Below are entries with pictures among them; reproduce exactly, and only, the lines from the one containing "- على الرغم" down to the one containing "FOTO: Gajah Pink", without the pictures.

-- Data for this exercise --
= Beginning of Section =

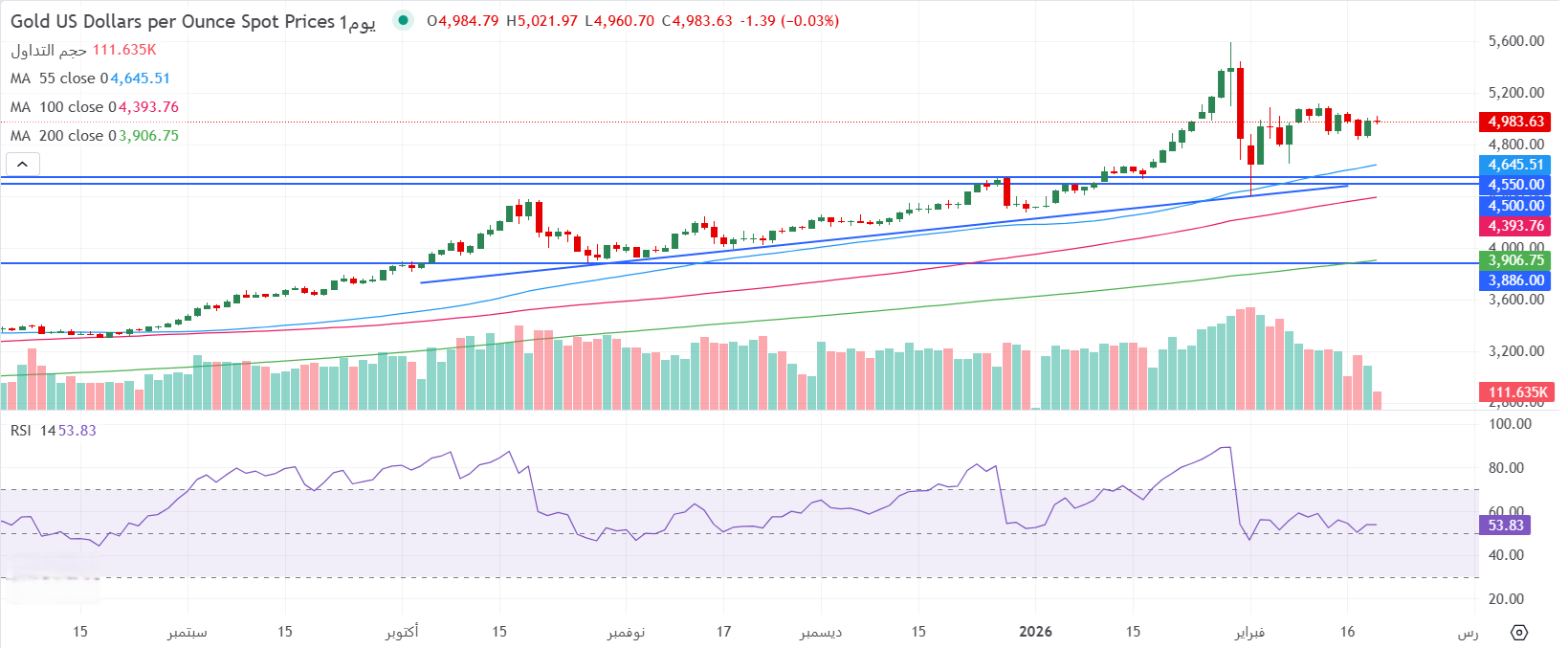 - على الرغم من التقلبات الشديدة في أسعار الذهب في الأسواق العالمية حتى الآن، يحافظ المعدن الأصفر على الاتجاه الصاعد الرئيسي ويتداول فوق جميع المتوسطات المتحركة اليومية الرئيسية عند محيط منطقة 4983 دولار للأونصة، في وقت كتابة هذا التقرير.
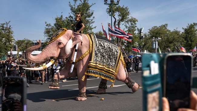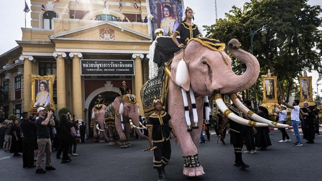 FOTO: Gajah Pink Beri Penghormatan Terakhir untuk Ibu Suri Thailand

= End of Section =
= Beginning of Section =

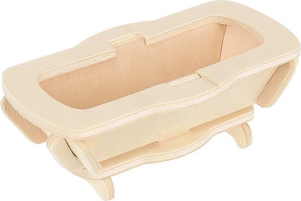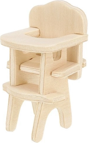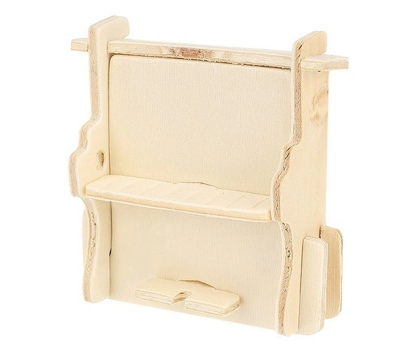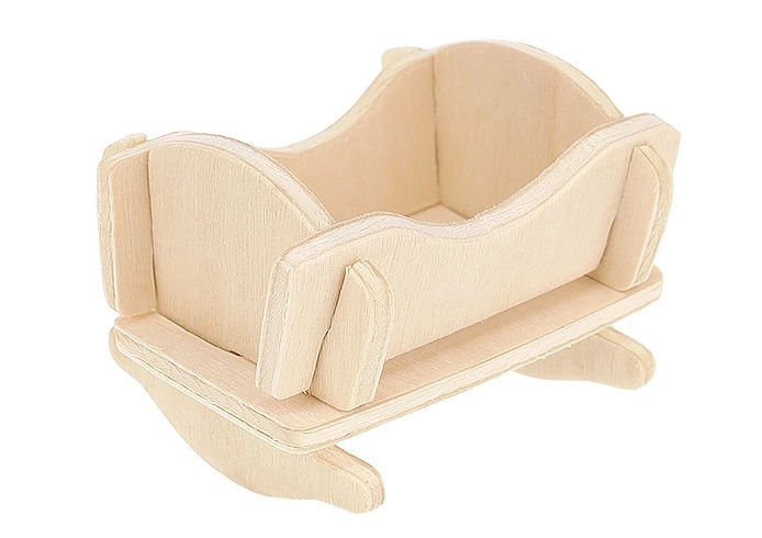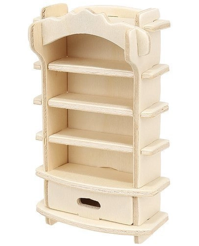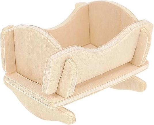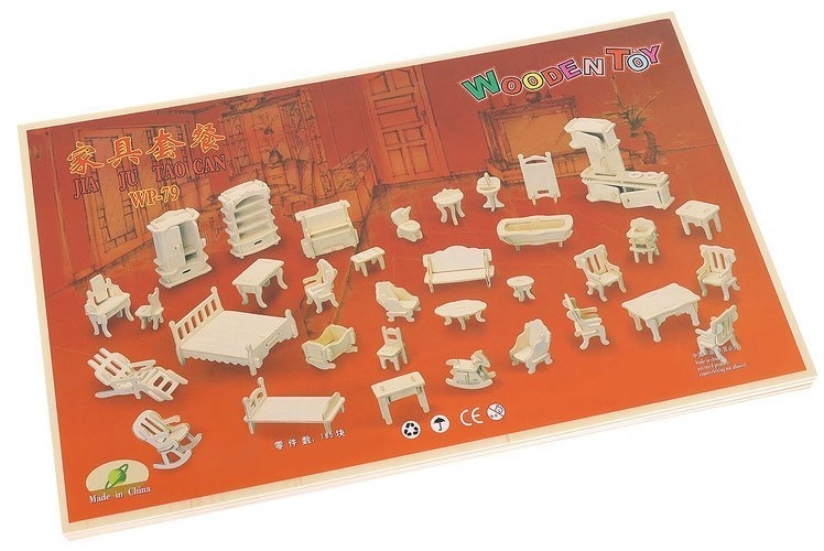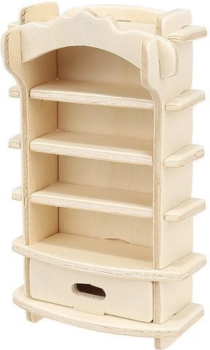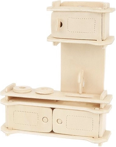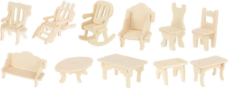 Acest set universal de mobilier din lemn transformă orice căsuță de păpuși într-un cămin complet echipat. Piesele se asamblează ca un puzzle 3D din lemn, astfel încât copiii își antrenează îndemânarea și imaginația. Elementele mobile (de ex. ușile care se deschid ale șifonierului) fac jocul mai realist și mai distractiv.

= End of Section =

-- Output of the exercise --
 - على الرغم من التقلبات الشديدة في أسعار الذهب في الأسواق العالمية حتى الآن، يحافظ المعدن الأصفر على الاتجاه الصاعد الرئيسي ويتداول فوق جميع المتوسطات المتحركة اليومية الرئيسية عند محيط منطقة 4983 دولار للأونصة، في وقت كتابة هذا التقرير.
 FOTO: Gajah Pink Beri Penghormatan Terakhir untuk Ibu Suri Thailand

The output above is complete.